# Cell Types Ontology

## Imports

In [1]:
import json
import rdflib
import pandas as pd
from rdflib import RDF, RDFS, XSD, OWL, URIRef, BNode, SKOS
from rdflib.paths import OneOrMore
import pprint

from kgforge.core import KnowledgeGraphForge
from kgforge.specializations.mappings import DictionaryMapping

from bmo.utils import BMO, MBA, BRAIN_REGION_ONTOLOGY_URI, NSG, SCHEMAORG, SHACL, NXV
from bmo.ontologies import subontology_from_term

## Helper functions

In [2]:
def has_relation(graph, subject_id, relationship, object_id):
    if (subject_id, RDFS.subClassOf/OWL.onProperty, relationship) in graph \
        and  (subject_id, RDFS.subClassOf/OWL.someValuesFrom, object_id) in graph:
        return True
    else:
        return False

## Load Ontology

In [3]:
base = "../../ontologies/bbp" # Provide the directory into which you have downloaded the Cell Types and Brain Region Ontology from WebProtégé

## Get available Cell Types

In [4]:
cell_type_ontology = rdflib.Graph()
cell_type_ontology.parse("../../ontologies/bbp/celltypes.ttl")

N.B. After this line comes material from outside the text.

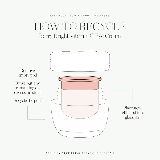 - Make It a Routine. Gently massage a small amount around the eye area using your ring finger. When you’ve finished the eye cream, reduce waste by recycling the empty pod and replenishing the glass jar with a new refill pod.
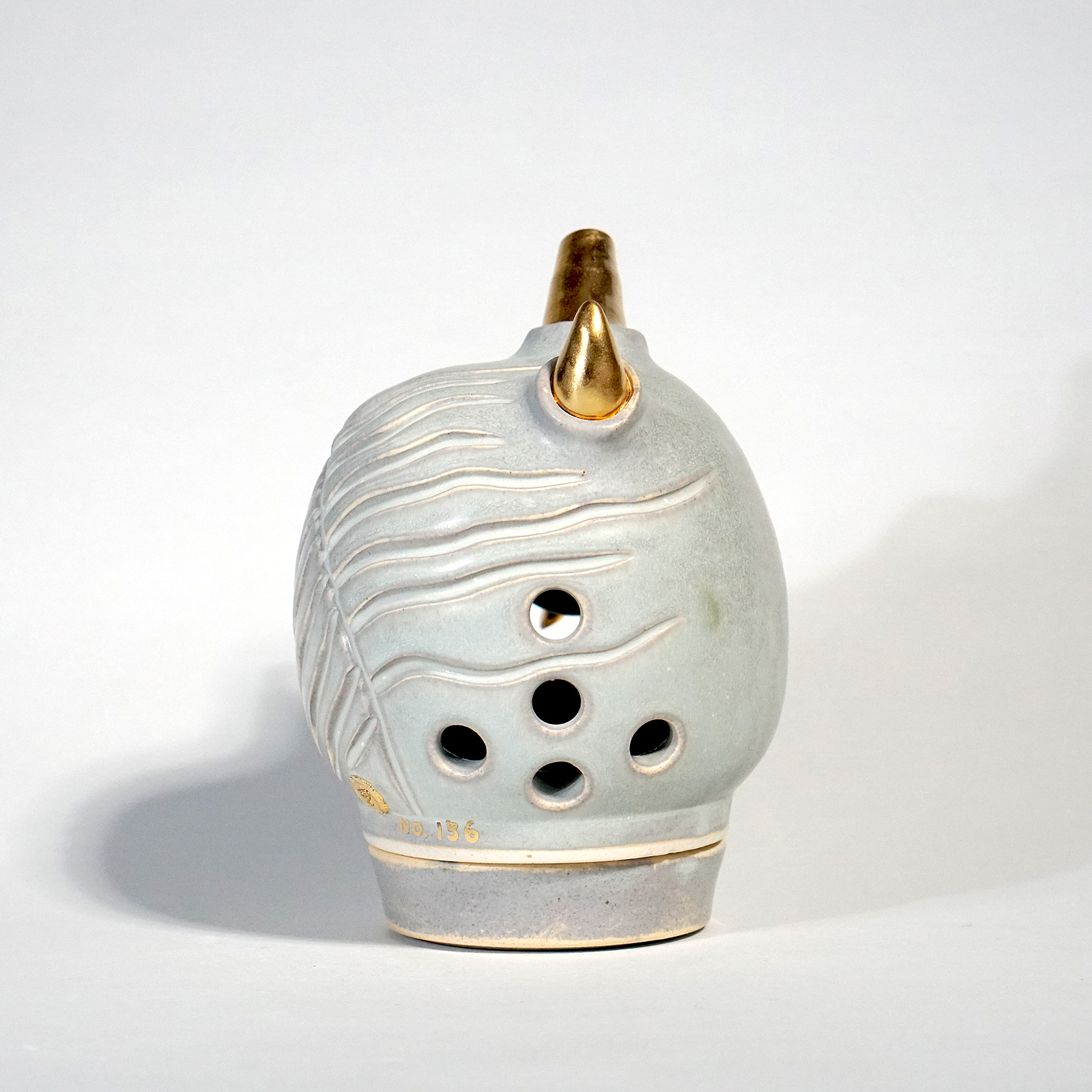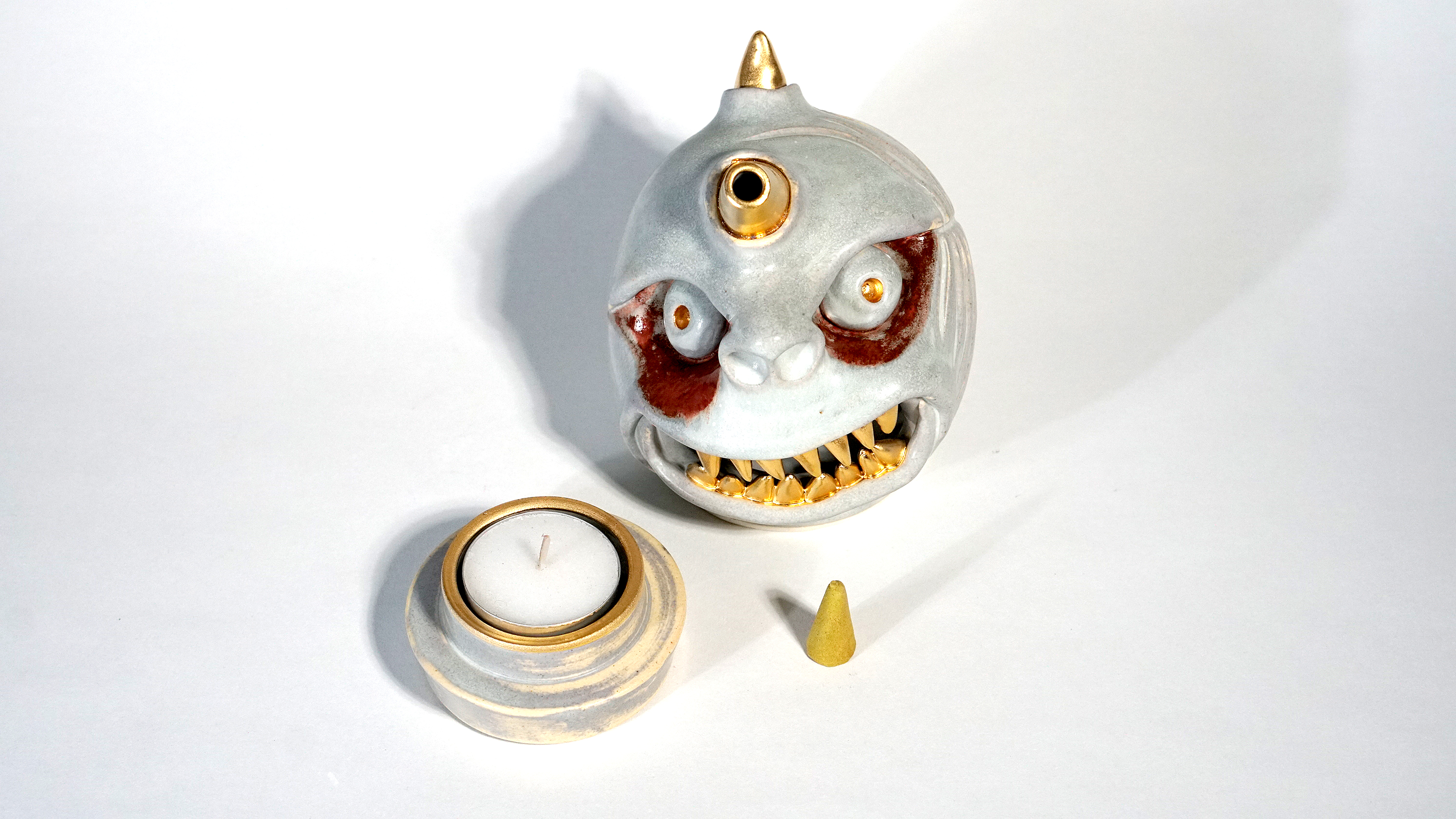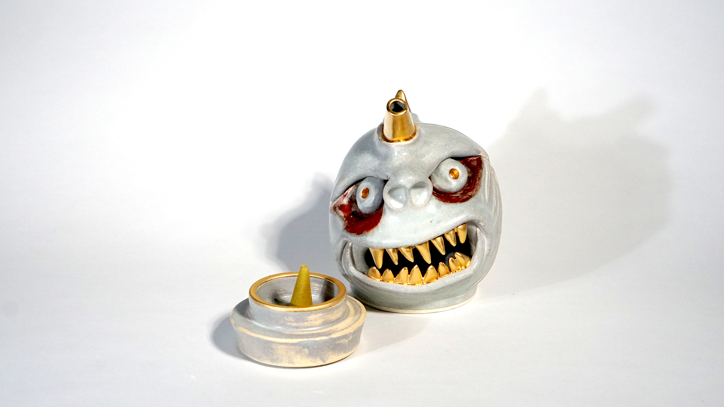 Made by sculpting and wheel throwing, the scent of incense burner spreads subtly through the hollow parts of the lid. The bottom holder is designed on both sides, which allows the user to use both cone and stick incense.

<Graph identifier=N83a4d2729df341cc9b561ccabe293484 (<class 'rdflib.graph.Graph'>)>

## Load excel file

In [5]:
hip_dict = pd.read_excel("../data/cell_metypes/CellTypesandMissingData-Version2-20230614_cleaned.xlsx", sheet_name=None)

In [6]:
skiping = ['Etypes', 'Mtypes', 'hippocampus', 'hippocampus - abbreviations', 'cortex', 'Notes', 'Percent inhibitory by region', 'basal ganglia', 'basal ganglia simple']

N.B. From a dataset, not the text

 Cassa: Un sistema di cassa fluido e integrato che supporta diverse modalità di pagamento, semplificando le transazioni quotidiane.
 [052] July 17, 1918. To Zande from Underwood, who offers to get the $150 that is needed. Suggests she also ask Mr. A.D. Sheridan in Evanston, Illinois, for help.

## Add to the Cell Types Ontology

### All labels from Cell Type Ontology

In [7]:
all_labels = []
all_prefLables = []
all_notations = []

### Get all labels

In [8]:
for s, p, o in cell_type_ontology.triples((None, RDFS.label, None)):
    all_labels.append(str(o))
for s, p, o in cell_type_ontology.triples((None, SKOS.prefLabel, None)):
    all_prefLables.append(str(o))
for s, p, o in cell_type_ontology.triples((None, SKOS.notation, None)):
    all_notations.append(str(o))
    

In [9]:
all_acronyms = []

In [10]:
for region in hip_dict.keys():
    if region not in skiping:
        rgn_df = hip_dict[region]
        brain_regions = rgn_df['BBP ATLAS Brain Region'].dropna().unique()
        for br in brain_regions:
            sub_df = rgn_df.loc[rgn_df['BBP ATLAS Brain Region'] == br]
            for irow, row in sub_df.iterrows():
                valid = row['Nexus Status (N=Not Ready ,Y=Yes ready,D=Done)'].lower() if not pd.isna(row['Nexus Status (N=Not Ready ,Y=Yes ready,D=Done)']) else False
                if valid:
                    all_acronyms.append(row['Acronym'])

In [11]:
all_possible_labels = set(all_labels + all_prefLables + all_notations)

In [12]:
repeated = [s for s in all_acronyms if s not in set(all_acronyms)]

In [13]:
assert not repeated

In [19]:
missing = [s for s in all_acronyms if s not in all_possible_labels and not pd.isna(s)]

In [20]:
assert not missing